ASSIGNMENT
Find the line with "Detachable long leather" in the records below. Output exactly from there until after the line with "Ce jeu de douilles Torx", without pictures.

START INPUT MATERIAL

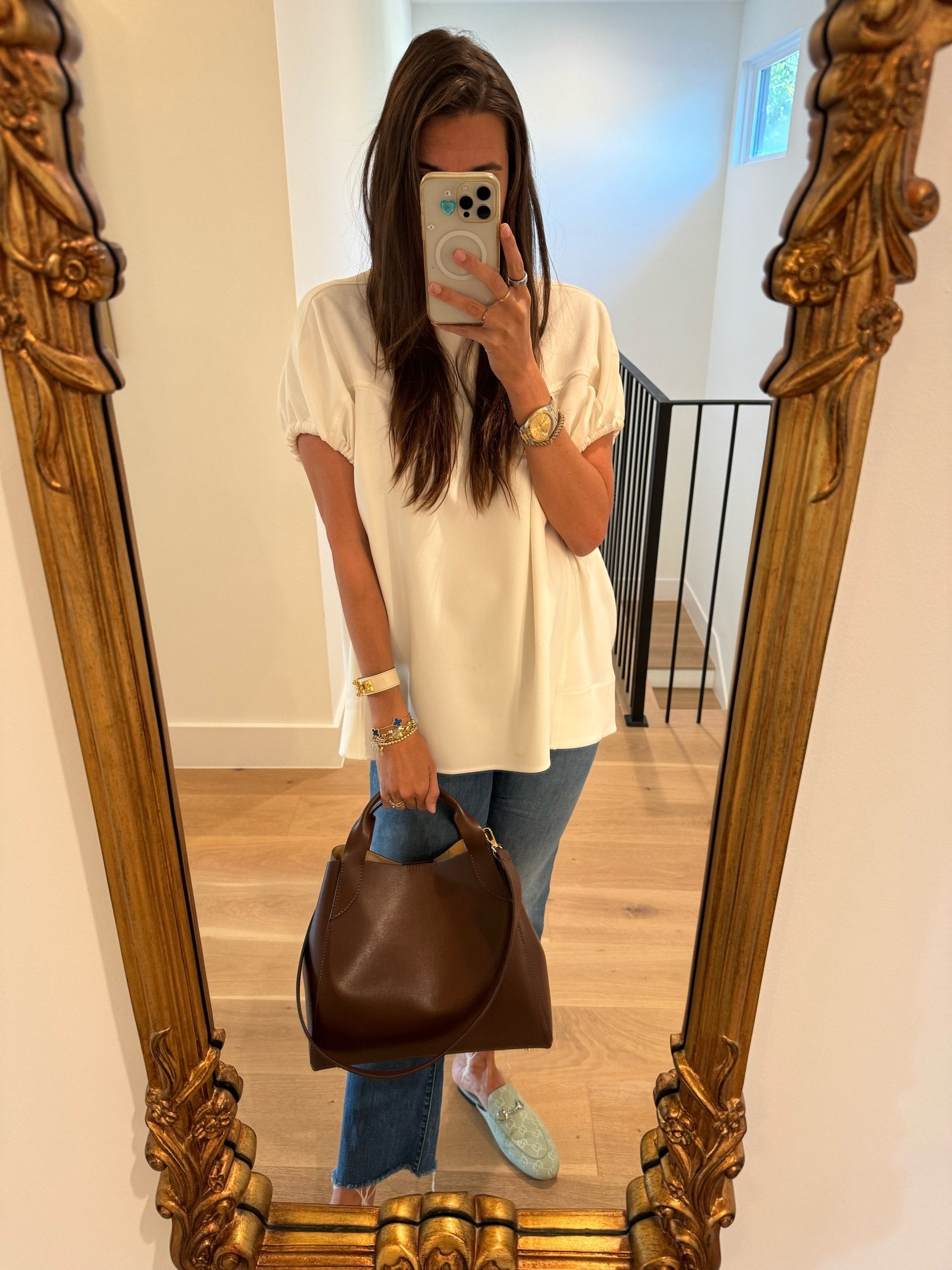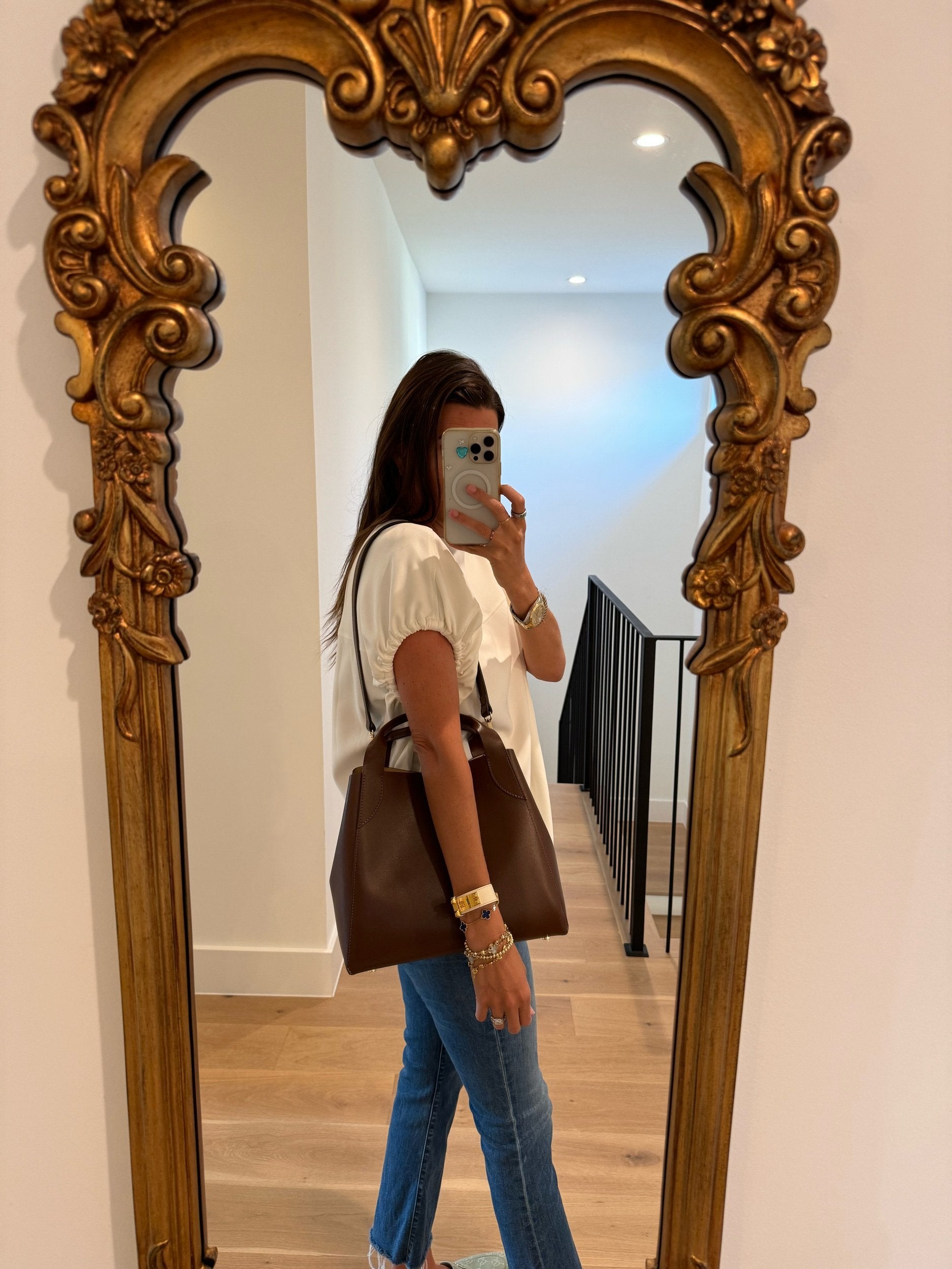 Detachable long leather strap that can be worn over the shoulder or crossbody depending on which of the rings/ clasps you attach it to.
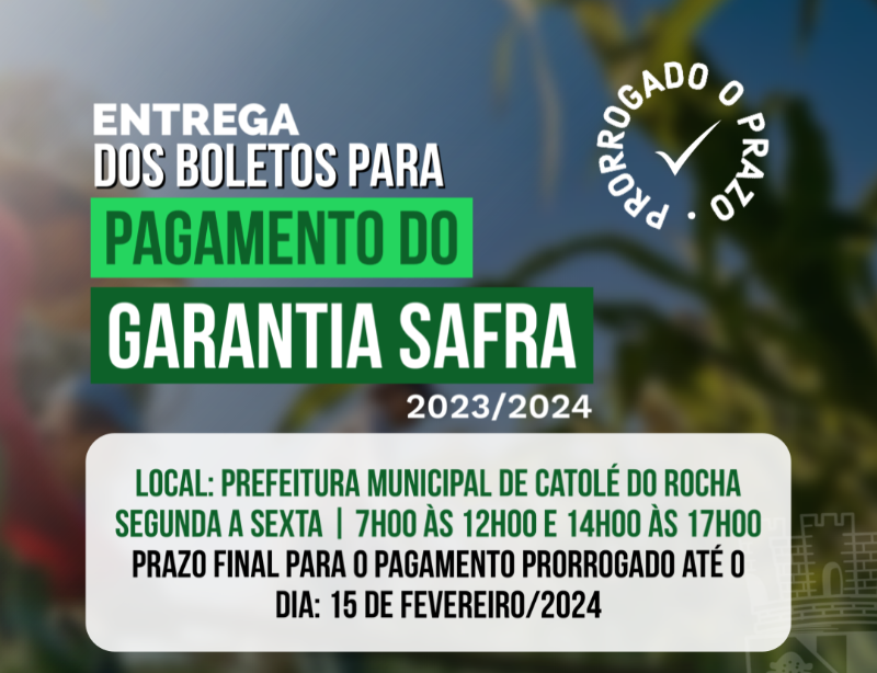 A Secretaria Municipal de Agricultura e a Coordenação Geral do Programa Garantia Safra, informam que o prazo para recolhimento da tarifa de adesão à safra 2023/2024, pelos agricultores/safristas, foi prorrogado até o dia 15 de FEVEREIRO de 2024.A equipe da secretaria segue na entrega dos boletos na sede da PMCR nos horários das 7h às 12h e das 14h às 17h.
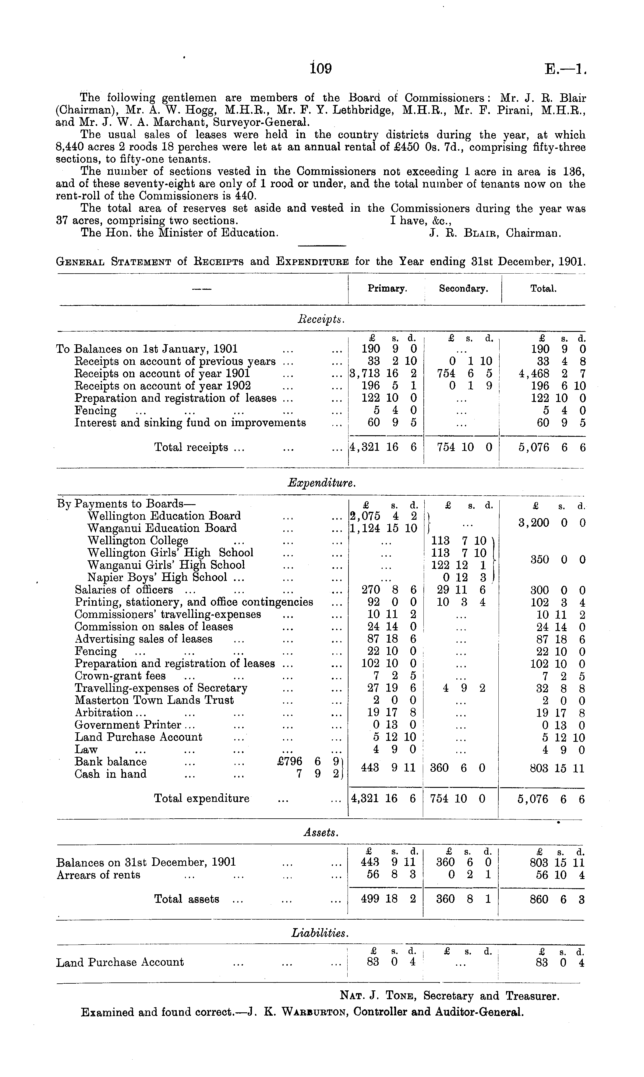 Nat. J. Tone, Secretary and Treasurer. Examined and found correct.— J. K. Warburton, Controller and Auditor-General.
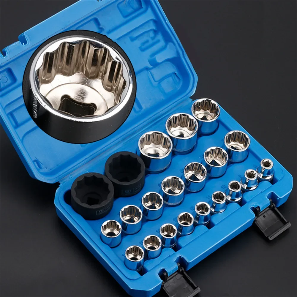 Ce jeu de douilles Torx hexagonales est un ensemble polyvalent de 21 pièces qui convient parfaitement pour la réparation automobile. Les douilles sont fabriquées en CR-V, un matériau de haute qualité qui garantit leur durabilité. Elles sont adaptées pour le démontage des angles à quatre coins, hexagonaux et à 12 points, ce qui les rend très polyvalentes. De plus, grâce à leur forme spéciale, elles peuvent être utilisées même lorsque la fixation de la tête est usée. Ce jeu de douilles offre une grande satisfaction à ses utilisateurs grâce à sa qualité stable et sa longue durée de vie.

END INPUT MATERIAL
START INPUT MATERIAL

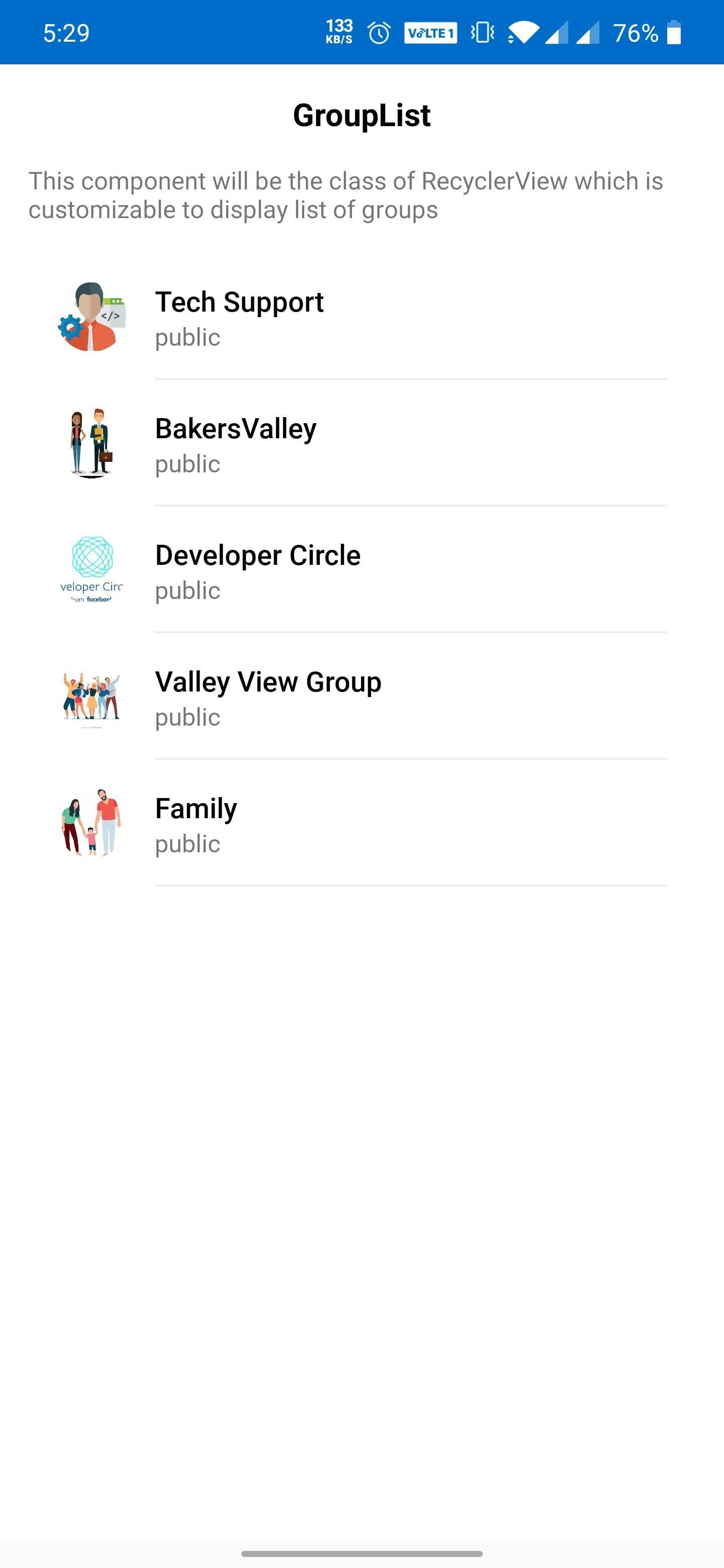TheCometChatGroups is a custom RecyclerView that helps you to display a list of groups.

END INPUT MATERIAL

WRITTEN ANSWER
 Detachable long leather strap that can be worn over the shoulder or crossbody depending on which of the rings/ clasps you attach it to.
 A Secretaria Municipal de Agricultura e a Coordenação Geral do Programa Garantia Safra, informam que o prazo para recolhimento da tarifa de adesão à safra 2023/2024, pelos agricultores/safristas, foi prorrogado até o dia 15 de FEVEREIRO de 2024.A equipe da secretaria segue na entrega dos boletos na sede da PMCR nos horários das 7h às 12h e das 14h às 17h.
 Nat. J. Tone, Secretary and Treasurer. Examined and found correct.— J. K. Warburton, Controller and Auditor-General.
 Ce jeu de douilles Torx hexagonales est un ensemble polyvalent de 21 pièces qui convient parfaitement pour la réparation automobile. Les douilles sont fabriquées en CR-V, un matériau de haute qualité qui garantit leur durabilité. Elles sont adaptées pour le démontage des angles à quatre coins, hexagonaux et à 12 points, ce qui les rend très polyvalentes. De plus, grâce à leur forme spéciale, elles peuvent être utilisées même lorsque la fixation de la tête est usée. Ce jeu de douilles offre une grande satisfaction à ses utilisateurs grâce à sa qualité stable et sa longue durée de vie.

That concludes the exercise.